At the OCP Global Summit this week in San Jose, Facebook was on hand to show off the designs for future systems aimed at both machine learning training and infrastructure, giving the world a chance to see at least one potential future for cost-optimized gear aimed at these two increasingly important workloads in the modern datacenter. The designs are interesting, showing Facebook’s penchant for creating systems that can accommodate different kinds of compute from the widest possible number of vendors to, once again, lower costs and reduce supply chain risk.
Not So Basic Training
The first new machine is code-named “Zion,” and it is aimed at machine learning training workloads at Facebook. The Zion system consists of two different subsystems, just like the DGX-1 from Nvidia and the HGX-1 tweak from Microsoft and DGX-2 and HGX-2 equivalents from Nvidia and their many clones out there among the ODM and OEM players who forge iron for customers. The Zion system is the successor to the “Big Basin” ceepie-geepie system that Facebook announced two years ago at the OCP Summit alongside Microsoft’s HGX-1, both of which had designs that were contributed to the OCP. The Big Basin machine supported up to eight of Nvidia’s “Pascal” GP100 or “Volta” GV100 GPU accelerators and two Intel Xeon CPUs on the host. The neat bit is that the CPU compute and GPU compute are separated from each other, on distinct motherboard and in distinct enclosures, so they can be upgraded separately. They are linked by varying levels of PCI-Express switching infrastructure, depending on the make and model.
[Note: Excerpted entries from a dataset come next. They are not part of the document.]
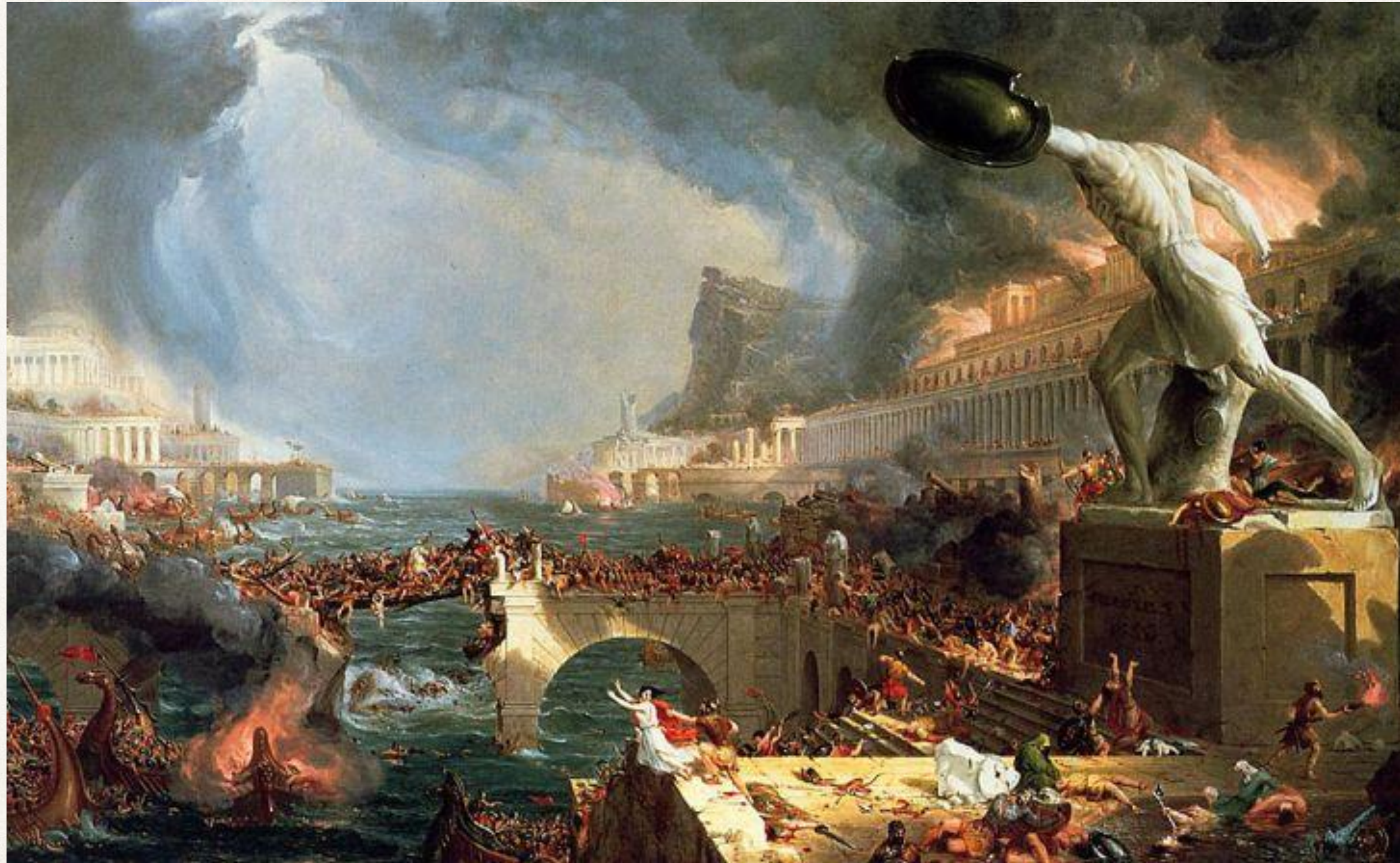
Томас Коул. Путь Империи. «Крушение»

В V веке прекратила свое существование Западная Римская империя.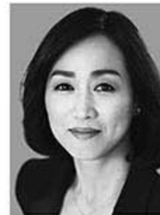
釈りょうこ しゃく

党女性局長を経て現職。2016年、国連女子差別撤廃委員会ですピーチを行う。夕刊紙連載ほか、著書に「繁栄の国づくり」など。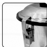
Broche de acero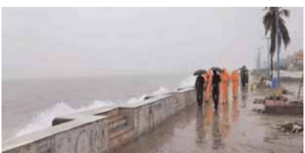
को, 2021 में तीन जून को और 2020 में एक जून को दक्षिणी राज्य में पहुंचा था। आईएमडी ने पिछले महीने ला नीना की अनुकूल स्थितियों के कारण सामान्य से अधिक बारिश होने का पूर्वानुमान बताया था। ला नीना की स्थितियों भारत में मानसून के दौरान अच्छी बारिश में मदद करती हैं। देश का बड़ा हिस्सा भीषण गर्मी से जूझ रहा है और कई स्थानों पर अधिकतम तापमान 48 डिग्री सेल्सियस तक पहुंच गया है। कई राज्यों में गर्मी का

नई दिल्ली (भाषा) भारत की कृषि आधारित अर्थव्यवस्था की जीवन रेखा दक्षिण-पश्चिम मानसून ने रविवार को देश के दक्षिणी छोर निकोबार द्वीप पर दस्तक दे दी। भारत मौसम विज्ञान विभाग (आईएमडी) ने यहां यह जानकारी दी। मौसम कार्यालय ने कहा, दक्षिण-पश्चिम मानसून रविवार को मालदीव के कुछ हिस्सों, कोमोरिन क्षेत्र और दक्षिण बंगाल की खाड़ी, निकोबार द्वीप समूह और दक्षिण अंडमान सागर के कुछ हिस्सों में पहुंच गया है। मानसून के 31 मई तक केवल पहुंच जाने की उम्मीद है। आईएमडी के आंकड़ों के अनुसार, पिछले 150 साल में केरल में मानसून की शुरुआत की तारीख व्यापक रूप से अलग-अलग रही है। केरल में मानसून सबसे देरी से 1972 में 18 जून को और सबसे पहले 1918 में 11 मई को पहुंचा था। मानसून पिछले साल आठ जून को, 2022 में 29 मई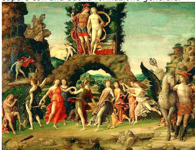
(Pala di San Zeno di Andrea Mantegna)

L'ispirazione al grande artista lombardo vissuto all'epoca delle corti rinascimentali ricorda i traguardi ambiziosi a cui conducono l'amore per il territorio e la passione per il proprio lavoro, esprimendo la scelta dell'Istituto di combinare la cura degli aspetti professionali ed operativi del sapere con una buona formazione generale.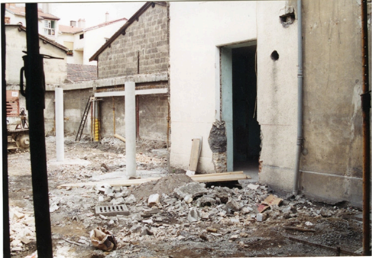
Etat en 1994 au moment de la réhabilitation. Ecole Emile Cohl Archives privées. Ecole Emile Cohl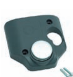
brd110891 Магнитная накладка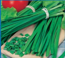
48050 Schnittknoblauch 'Neko'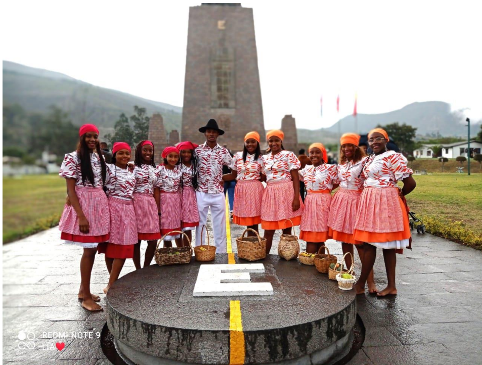
Figura 2. Academia Renacer Afro en Traje de Bomba 2

La danza afrochoteña en Ecuador es una forma de expresión artística que combina elementos de la cultura afroecuatoriana con la tradición de la danza choteña. El proceso artístico de esta danza incluye varios pasos que son: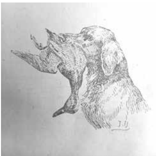
Реклама на ловно куче

„противонародна“. Свикан е набързо XIX конгрес, на който е изменен уставът, избрано ново ръководство, отстранени старите ръководни кадри, назначени нови, зачеркнато всичко градено предишните години и организацията тръгва по „нов път“.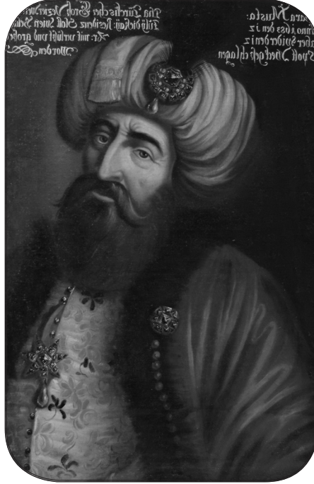
Merzifonlu Kara Mustafa Paşa

Düşmana karşı her türlü silahla karşı koyulur. Mısır’ın fethinde Osmanlıların seyyar toplarına karşılık; Mısırlıların çakılı topları vardı. Bu sebeple Osmanlı taarruzuna karşı hiçbir varlık gösterememişti. Harpten sonra Tomanbay, Yavuz Sultan Selim’e “Cennet,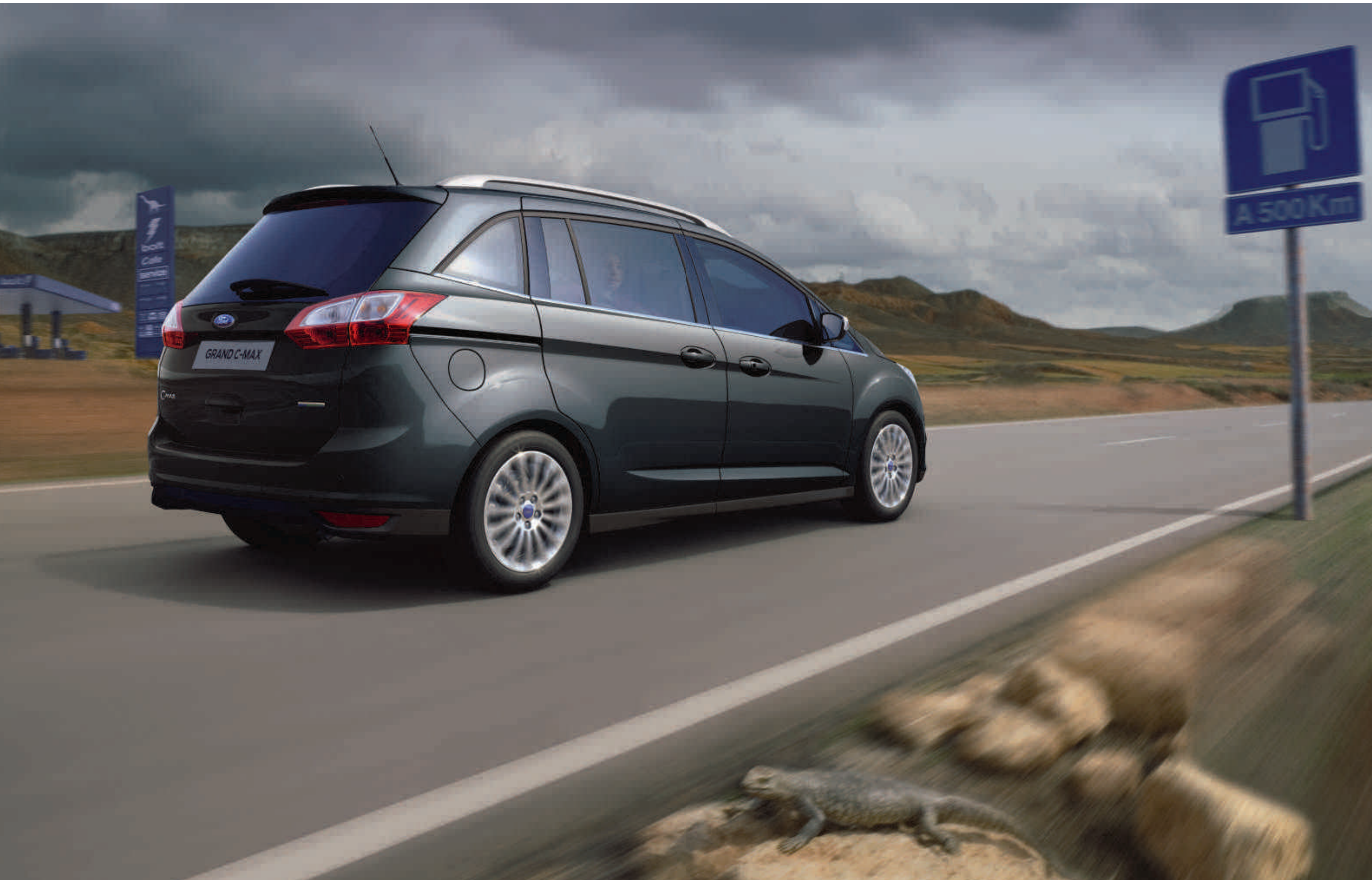
Abbildung zeigt Ford Grand C-MAX Titanium in Midnight Sky-Grau Metallic mit 17"-Leichtmetallrädern, Dachreling „Aluminium-Look“, Ford Key Free-System und getönten Seitenscheiben (Wunschausstattung)

Durch den Einsatz der modernen Ford EConetic Technology, wie dem Ford PowerShift-Automatikgetriebe, den sparsamen Ford EcoBoost-Benzinmotoren, dem effizienten Start-Stopp-System oder den fortschrittlichen TDCi-Dieselmotoren, leistet der Ford C-MAX einen deutlichen Beitrag zur Optimierung der Kraftstoffverbräuche und Reduzierung der CO 2 -Emissionen.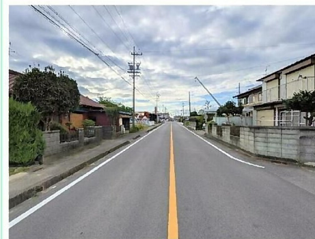
南側道路を東から撮影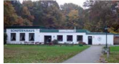
Schützenhaus Winsen Luhdorfer Straße 29c 21423 Winsen (Luhe)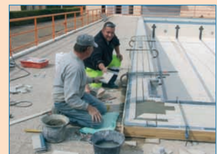
L'hiver a été très rigoureux et n'a pas épargné la piscine municipale. Des travaux importants ont été nécessaires pour remplacer tous les carreaux détériorés par le gel. La réouverture aura lieu le lundi 10 mai. Comme les années précédentes, pendant le temps scolaire, de nombreux élèves des écoles primaires et des collèges pourront poursuivre les cycles d'apprentissage de la natation.

11 agents des services techniques municipaux ont bénéficié d'une formation sur des engins type tractopelle, manuscopique, mini pelle et tracteur entre le 15 et le 26 mars dernier en vue de passer les C.A.C.E.S. - Certificat d'Aptitude à la Conduite En Sécurité - correspondants

Big Basin represented a radical improvement over its “Big Sur” predecessor, which was a less dense design based on a single motherboard with two Xeon CPUs and up to eight PCI-Express Nvidia Tesla accelerators (the M40 or K80 were the popular ones). Big Sur was revealed in December 2015. Facebook talks about designs as development is largely done and it has yet to roll them out into production, and that means the Zion machines are not yet out there in its fleet, but will be shortly. (We talked about Facebook’s evolving AI workloads and the machines that run them back in January 2018.) The changes with the Zion machine show how Facebook’s thinking has evolved on hybrid CPU-GPU machines, and in ways many of us would not expect.
The Zion machines two subsystems are called “Emerald Pools” and “Angels Landing” and they refer to the GPU and CPU subsystems, respectively. While Facebook has said for many years that its server designs were aimed at allowing for the choice of processors or accelerator, in this case Facebook and Microsoft have collaborated to come up with a unique packaging and motherboard socketing methodology, called the OCP Open Accelerator Module, or OAM for short, that will allow for accelerators with different sockets and thermals ranging from 250 watts to 350 watts with air cooling and as high as 700 watts with a future liquid cooling option, but all consistently deployed, in terms of the hardware form factor, in these accelerated systems.
Fellow hyperscalers Google, Alibaba, and Tencent are joining Facebook and Microsoft in promoting the OAM packaging, and so are chip makers AMD, Intel, Xilinx, Habana, Qualcomm, and Graphcore. System makers IBM, Lenovo, Inspur, Quanta Computer, Penguin Computing, Huawei Technologies, WiWynn, Molex, and BittWare have all got behind the OAM effort as well. Others will no doubt follow with their chippery and systems – Hewlett Packard Enterprise and Dell are the obvious missing OEMs and Foxconn and Inventec are missing among the key ODMs.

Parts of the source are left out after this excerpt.